Monday, 8 January 2007

Artificial Intelligence: IIIT comes out with intelligent robots

By Syed Akbar
Hyderabad, Jan 8: Dozens of robots vied with one another on Monday separating ferocious "tigers" from large but humble "elephants" and "eating" fruits leisurely to boost their artificial intelligence.
The Robo Safari held at the International Institute of Information Technology here brought to the fore the advancement made by India on the artificial intelligence front. Robots in different shapes and sizes took part in the Robo Safari, the first of its kind competition being held down the Vindhyas. The competition coincides the five-day International Joint Conference on Artificial Intelligence which began on Monday.
The Robo Safari began with robots entering a room where several objects shaped like elephants, tigers, dogs, zebras and lions and apples, bananas, citrus, grapes and pomegranates were placed. The robots vied with one another to recognise these artificial objects using their artificial brains.
The task before the robots was not simple. They will have to identify the object and record its image as well. This twin task of identifying and recording the object is not quite easy for the robots. The designers have all racked their brains and put their natural intelligence together to make the robots work with artificial intelligence.
"The contest is aimed at testing visual intelligence and mechanical strength. The idea is to look at the development of mobile robots that can effectively work in a wide variety of situations and environments. The challenge is to build robots that can perform tasks in realistic environments exploiting the recent developments in the areas of computer vision and mobile robotics," says one of the organisers.
The robots were developed based on a real-time vision system with a laptop and a camera mounted on a given mobile platform. The vision system must detect, recognise and locate all instances of objects along the path of the robot. The Safari was held in two subjects location and identification.
The robots moved on five different types of terrain, racing along the circuit one at a time. Scores were given based on their performance. The robots were started by a button/switch at the beginning of the race once the judge pressed the timer. After starting, the robots worked completely autonomous and moved along the track and negotiated obstacles without external control or intervention.
While doing so the robots recognised all objects in their path. A 3D model of the specified objects were placed in different poses. Room lighting was kept normal with no deep shadows.

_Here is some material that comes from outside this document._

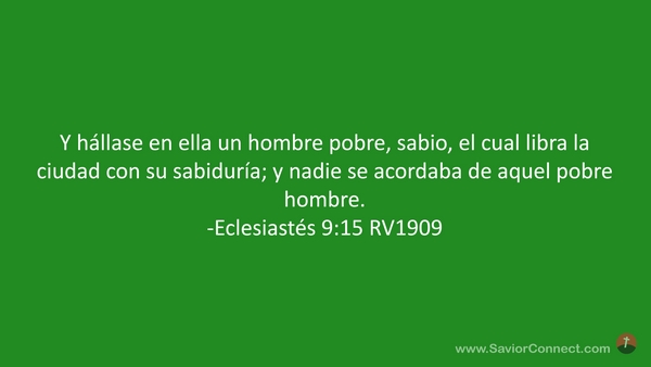 Y hállase en ella un hombre pobre, sabio, el cual libra la ciudad con su sabiduría; y nadie se acordaba de aquel pobre hombre. -Eclesiastés 9:15 RV1909

The contestants were supplied with a set of multiple images of several target objects a month in advance while another set was released only on Sunday to make the competition even tougher.
The robots counted the objects - one apple, two tigers and an elephant even while reporting it correctly.

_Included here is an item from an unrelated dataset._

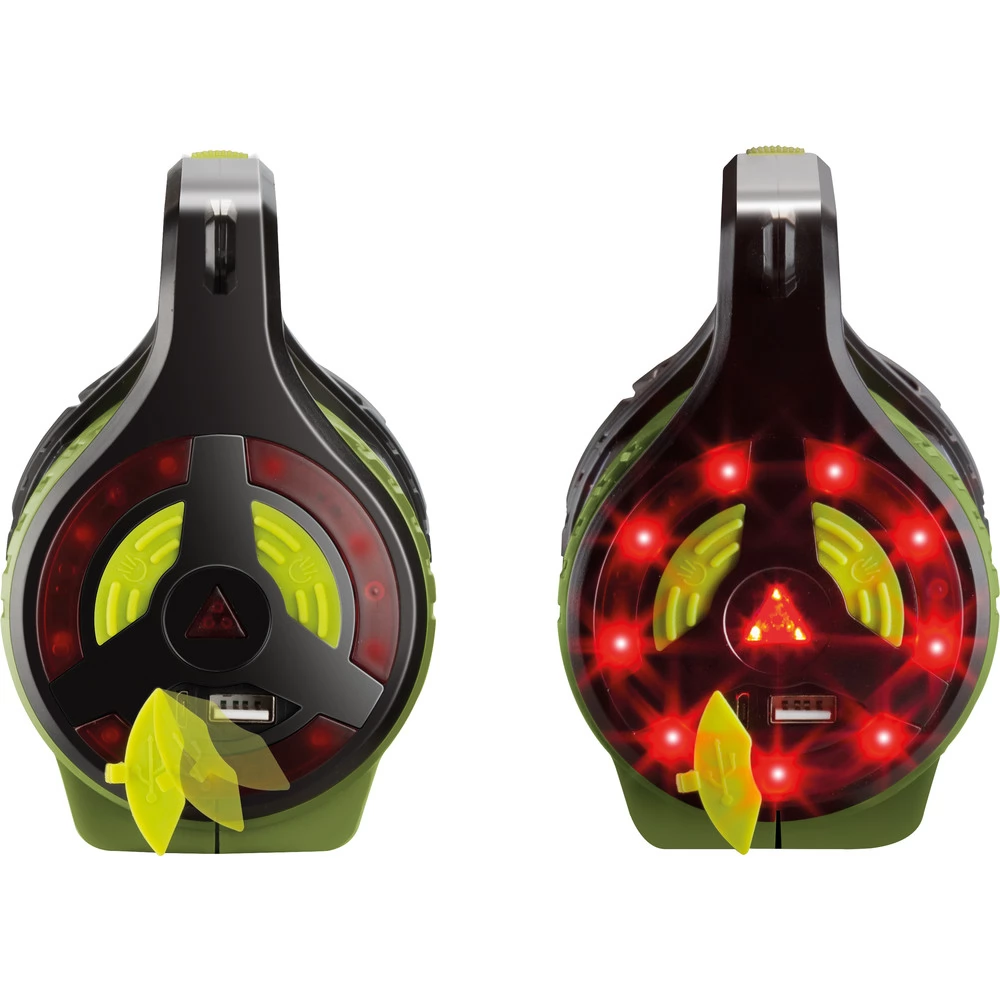 Az elemlámpa két 5W-os COB Led oldalsó lámpával és egy 1W-os piros figyelmeztető lámpával rendelkezik hátul.

In the second competition based on "localisation", the robot entered the room where simple geometric objects (3D) were kept. It stopped at certain positions (unknown to participants). The vision task is to localise the robot at that position. The starting location of the robot was made available to the participants.

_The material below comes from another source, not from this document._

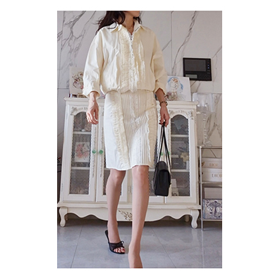 내츄럴컷프릴앤레이스 블루종&버튼스커트
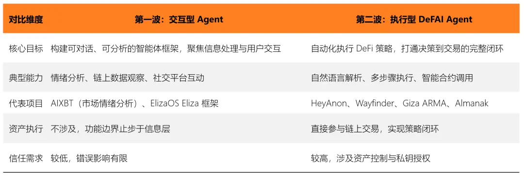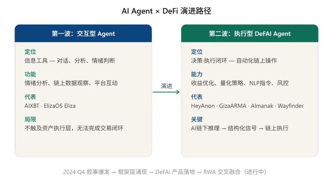 According to research from The Block, the evolution of DeFAI is not a single leap forward, but instead goes through two distinct stages—from early interaction-focused Agents centered on information processing, to today’s execution-focused systems that can truly intervene in on-chain operations.

At positions where it stops, optional landmarks (at-least 3 in number) were placed for aiding localisation. These landmarks were made known to participants in advance. The positions of the landmarks were given at the start of the competition. They were in the same frame of reference as the starting position of the robot.
When the robot stopped it was notified through a mike input to the lap-top in form of a beep or tone. Uncertainty in position of the robot up to a certain error was allowed.